Github issues and gitter solidity channel.

Ranking / categorization of contracts

The QA only really applies to code that is meant to be used in production, but the library will also include code that has not yet reached that level.

Node.js has a system of categorizing libraries, experimental, stable, deprecated, and so forth. This library should have something similar.

Test layout

Tests are single-method contracts, extending the STLTest contract, and implementing its testImpl method.

Tests are automatically compiled, and a filler is generated using the compiler artifacts.

testeth is run using all available protocols, and includes fillers both for optimized and unoptimized code.
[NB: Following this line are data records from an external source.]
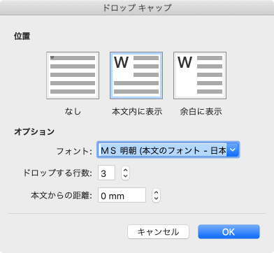 - 余白に表示されているので[ドロップキャップ]ダイアログボックスの[位置]オプションより[本文内に表示]を選択して[OK]ボタンをクリックします。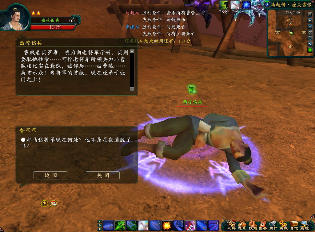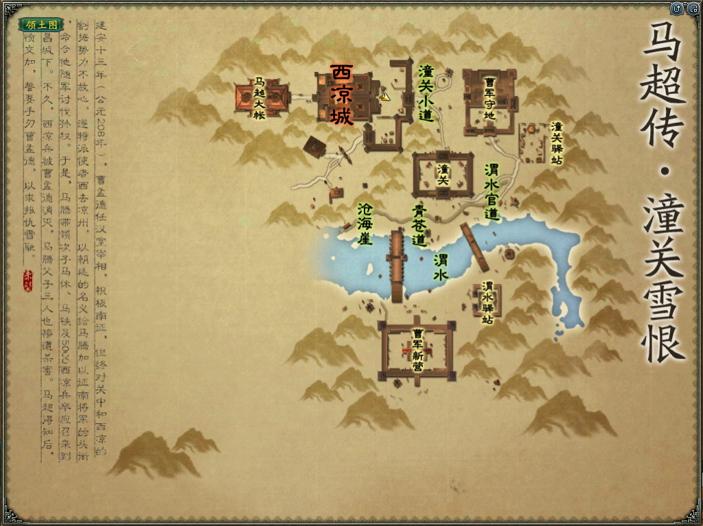 玩家扮演马超军,帮助马超报杀父之仇!进入战场后,会出现庞德将军,玩家可在庞德处接到 任务:最后的生机
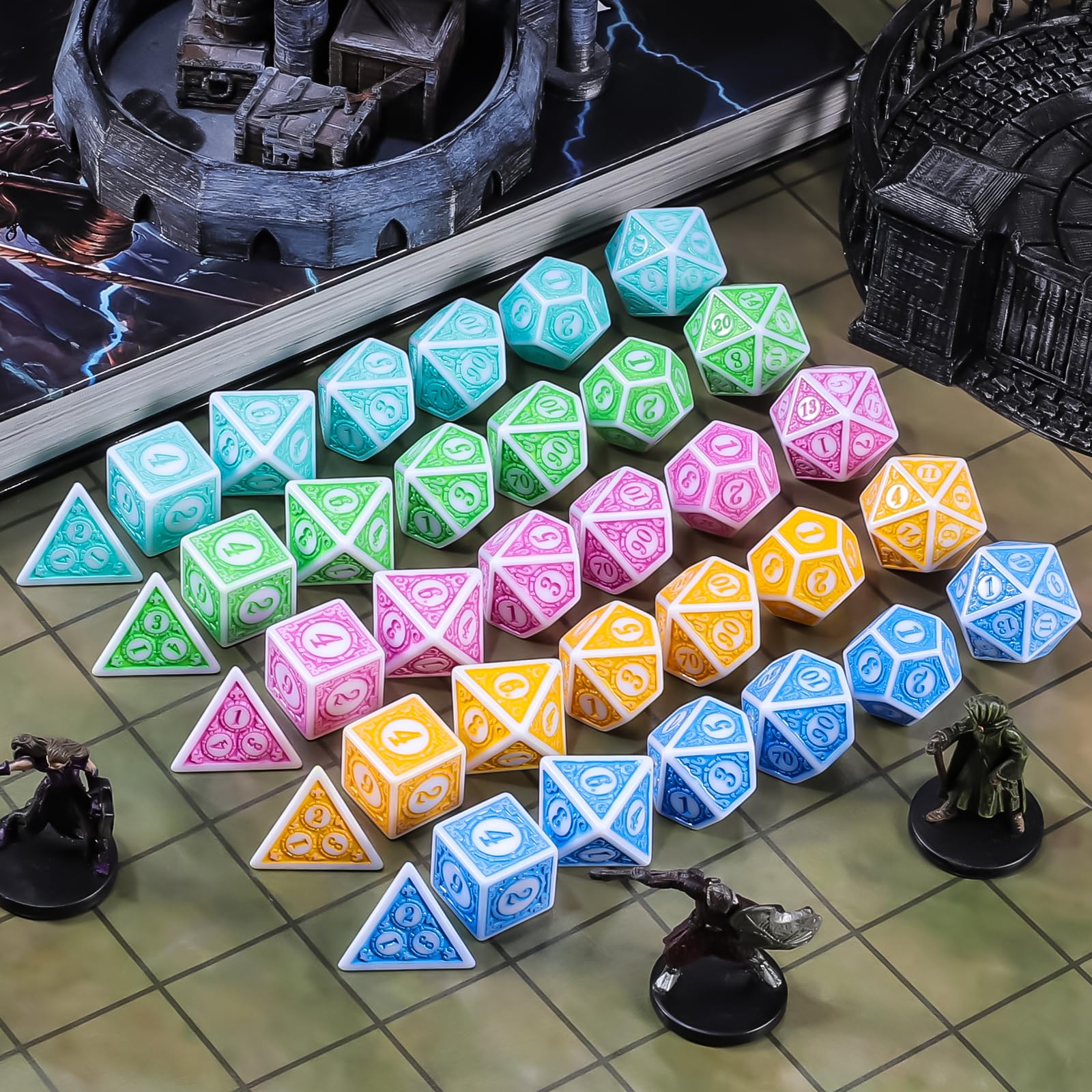 - Q: How many dice are included in the CiaraQ DND Dice set? A: The set includes a total of 35 pieces, comprising 5 sets of polyhedral dice, with each set containing 7 dice: D4, D6, D8, D10, D%, D12, and D20.

Basic test is one that either throws or not. If it is expected to throw, it must have Throws somewhere in the test name, otherwise it is assumed that the test should succeed.

Example

This is the STLTest contract.

contract STLTest {

    bool ret;

    function test() {
        ret = true;
        testImpl();
    }

    function testImpl() internal;

}

The test for Bits.bitXor(uint bitfield, uint8 index) looks like this:

contract TestBitsBitXor is BitsTest {
    function testImpl() internal {
        for (uint8 i = 0; i < 12; i++) {
            assert(ONES.bitXor(ONES, i*20) == 0);
            assert(ONES.bitXor(ZERO, i*20) == 1);
            assert(ZERO.bitXor(ONES, i*20) == 1);
            assert(ZERO.bitXor(ZERO, i*20) == 0);
        }
    }
}

It loops over the tested uints and makes sure XOR works as expected.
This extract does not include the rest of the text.